The streets of every Russian city were choked with the monster mass outpouring. It was the triumphal celebration of the overthrow of Czarism in February 1917. And it was also a gathering of forces for the final overthrow of Russian capitalism which was to come six months later.
Leon Trotsky, in his History of the Russian Revolution, recorded for all time the description of that historic May Day:
“... All the cities of Russia were drowned in meetings and demonstrations. Not only the industrial enterprises, but the state, city and rural public institutions were closed. In Moghilev, the headquarters of the General Staff, the Cavaliers of St. George marched at the head of the procession. The members of the staff – unremoved czarist generals – marched under May 1 banners. The holiday of proletarian anti-militarism blended with revolution-tinted manifestations of patriotism.

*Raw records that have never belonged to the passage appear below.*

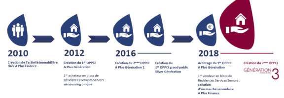 Ainsi, dans son bulletin trimestriel le gestionnaire de l’OPCI Silver Génération, A Plus Finance, indique : "L’OPCI (Organisme de Placement Collectif dans l’Immobilier) sera composé, à l’issu d’une période de 3 ans à compter de sa création, de 60 à 70% d’actifs immobiliers dont une majorité ayant la destination de Résidences Services pour Seniors, RSS, non médicalisées (accompagnés de biens meubles qui leurs sont affectés et qui sont nécessaires à leur usage ou leur exploitation) et de 25% en produits financiers, dont la moitié au maximum en Fonds actions et 5% en liquidité. L’OPCI a pour objectif de proposer à ses souscripteurs une revalorisation de la valeur des Parts souscrites ainsi qu’une distribution régulière de revenus.
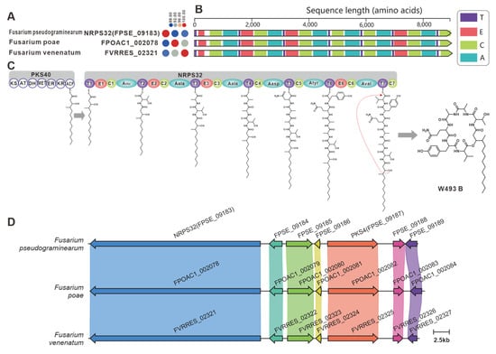 W493 B biosynthesis. (A) Comparison of the amino acid sequence identity of NRPS32 and its homologues. (B) Domain comparison of NRPS32 for the biosynthesis of W493 B: different colored regions represent different domains. (C) PKS40 and NRPS32 collaborative model of the biosynthesis of W493 B. (D) Comparison of the BGC for W493 B and two putative BGCs: homologous genes are connected by a band of the same color.
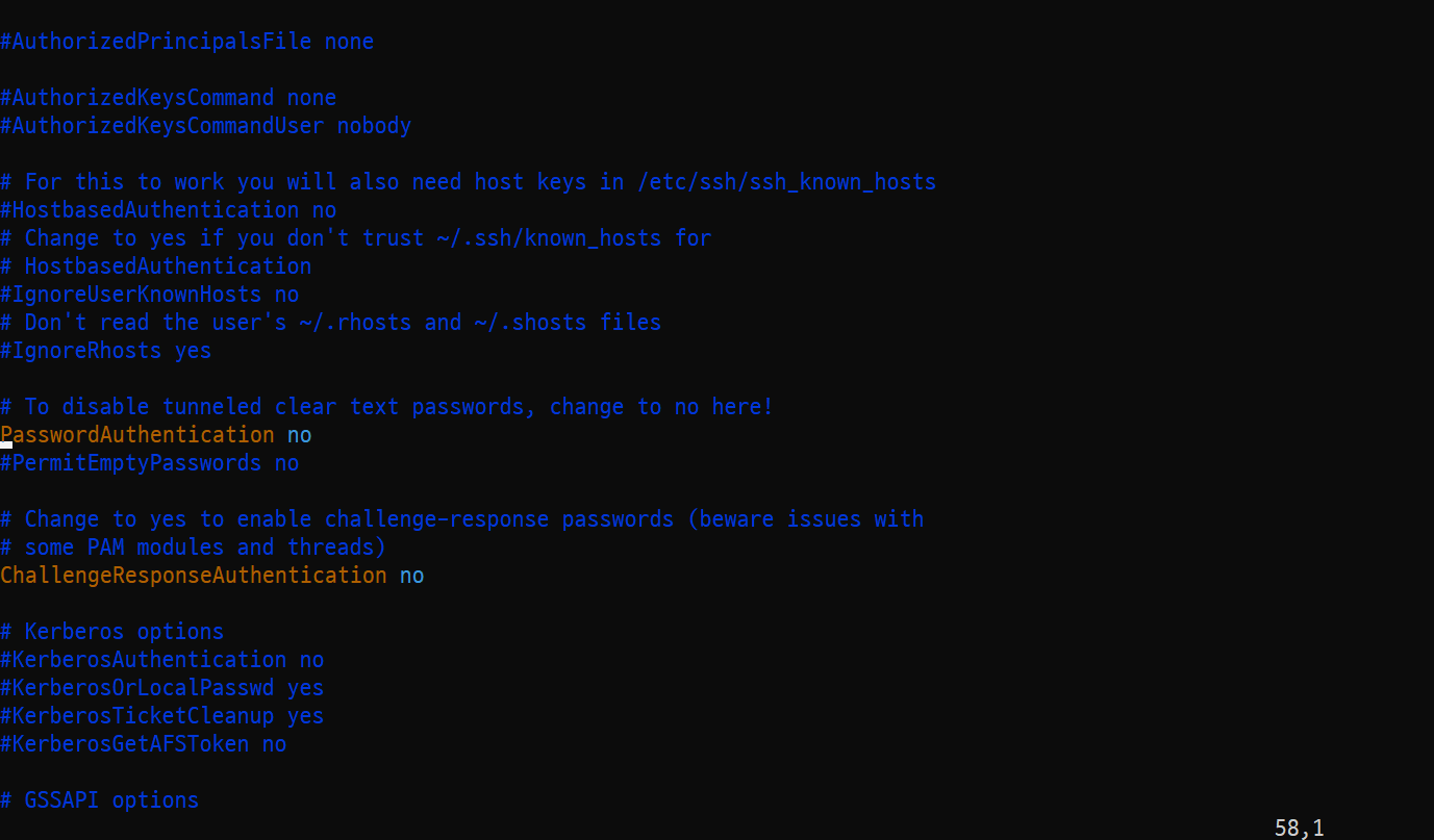 약 58번째 줄을 보면 PasswordAuthentication 이라는 항목이 보이는데, no로 되어 있는 것을 yes로 변경한다. 즉 암호 기반의 연결을 지원하도록 하는 설정이다.
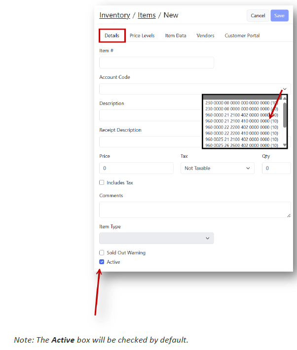 - Check the Sold Out Warning box if you would like a message to be displayed in the Point of Sale screen when the item's quantity is below ten (10).
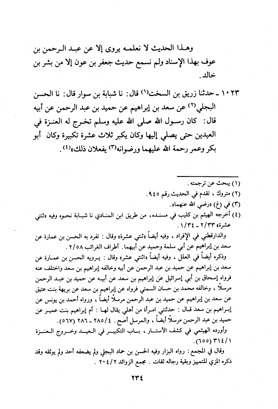 1023 - حَدَّثَنَا زُرَيْقُ بْنُ السَّخْتِ، قَالَ: نا شَبَابَةُ بْنُ سَوَّارٍ، قَالَ: نا الْحَسَنُ الْبَجَلِيُّ، عَنْ سَعْدِ بْنِ إِبْرَاهِيمَ، عَنْ حُمَيْدِ بْنِ عَبْدِ الرَّحْمَنِ، عَنْ أَبِيهِ، قَالَ: كَانَ رَسُولُ اللَّهِ صَلَّى اللهُ عَلَيْهِ وَسَلَّمَ: §تَخْرُجُ لَهُ الْعَنَزَةُ فِي الْعِيدَيْنِ حَتَّى يُصَلِّيَ إِلَيْهَا وَكَانَ يُكَبِّرُ ثَلَاثَ عَشْرَةَ تَكْبِيرَةً، وَكَانَ أَبُو بَكْرٍ، وَعُمَرُ رَحْمَةُ اللَّهِ عَلَيْهِمَا وَرِضْوَانُهُ يَفْعَلَانِ ذَلِكَ -[235]- وَهَذَا الْحَدِيثُ لَا نَعْلَمُهُ يُرْوَى عَنْ عَبْدِ الرَّحْمَنِ بْنِ عَوْفٍ، إِلَّا مِنْ هَذَا الْوَجْهِ بِهَذَا الْإِسْنَادِ، وَالْحَسَنُ الْبَجَلِيُّ هَذَا فَلَيَّنُ الْحَدِيثِ وَقَدْ سَكَتَ النَّاسُ عَنْ حَدِيثِهِ، وَأَحْسَبُهُ الْحَسَنَ بْنَ عُمَارَةَ
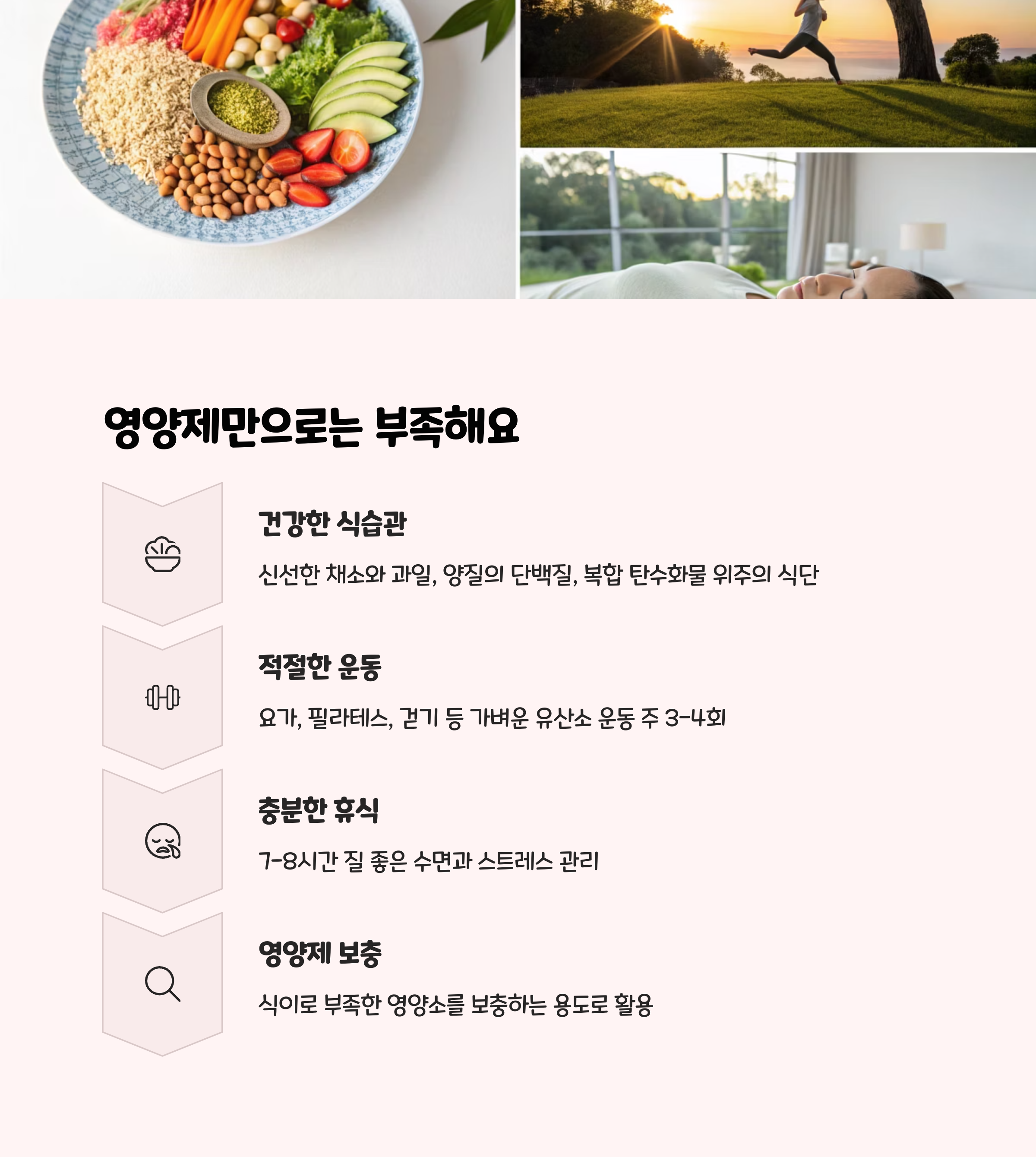 - 비타민, 미네랄 등은 복합적으로 섭취할 때 시너지 효과가 있으나, 개인 체질에 따라 부작용이 있을 수 있으니 복용 전 전문가 상담이 필요합니다.

“In both capitals and in the industrial centers the workers dominated the celebration, and amid them the strong nuclei of Bolshevism stood out distinctly with banners, placards, speeches and shouts. Across the immense facade of the Mariinsky Palace, the refuge of the Provisional Government, was stretched a bold red streamer with the words: ‘Long Live The Third International.’ The authorities, not rid of their administrative shyness, could not make up their minds to remove this disagreeable and alarming streamer. Everybody, it seemed, was celebrating. So far as it could the army at the front celebrated. News came of meetings, speeches, banners and revolutionary songs in the trenches, and there were responses from the German side.”
The Russian May Day celebration in 1918 included no Czarist generals or capitalist politicians. It was the greatest May Day of all – the first May Day to be observed in a workers’ state, the Soviet Union. The titanic revolution it celebrated had ended the war for the Russian workers and peasants and speeded the end of the entire world war. The capitalist leaders in every land, frightened at the prospect of spreading revolution, patched up their armistice. And the German masses, remembering the slogan of Karl Liebknecht, overthrew the German monarchy and made a heroic but unsuccessful attempt to establish workers’ power.
Not merely in Europe, but in America the spirit of May Day survived the impact of the war. May Day 1917 was marked by tremendous anti-war demonstrations and bitter battles with the police and “patriotic” bosses’ gangs.
The government then prohibited May Day demonstrations in 1918, aided in its attempts to suppress all expression of working-class internationalism by the reformist socialist and labor leaders who supported the war.
But once more, in 1919, the workers stormed the streets of he American cities in one of the largest and most militant May Day demonstrations ever held in this country,
As the revolutionary spirit and character of May Day, its flame of proletarian internationalism, burned on through the darkest lays of the last war, so it will continue to burn today. This May Day may be observed in deepest secrecy in the fascist hell-holes of Europe. In the bourgeois democracies it may be perverted by he Social Democrats and Stalinists into a mere jingo rally for “national unity” with capitalist reaction. But the spirit of May Day that lived on through the last war, that broke through the ramparts of imperialism and gave birth to the Soviet Union, will yet triumph. The end of this war is certain to witness a May Day such as the world has never known – marking the victory of the struggle for world socialism.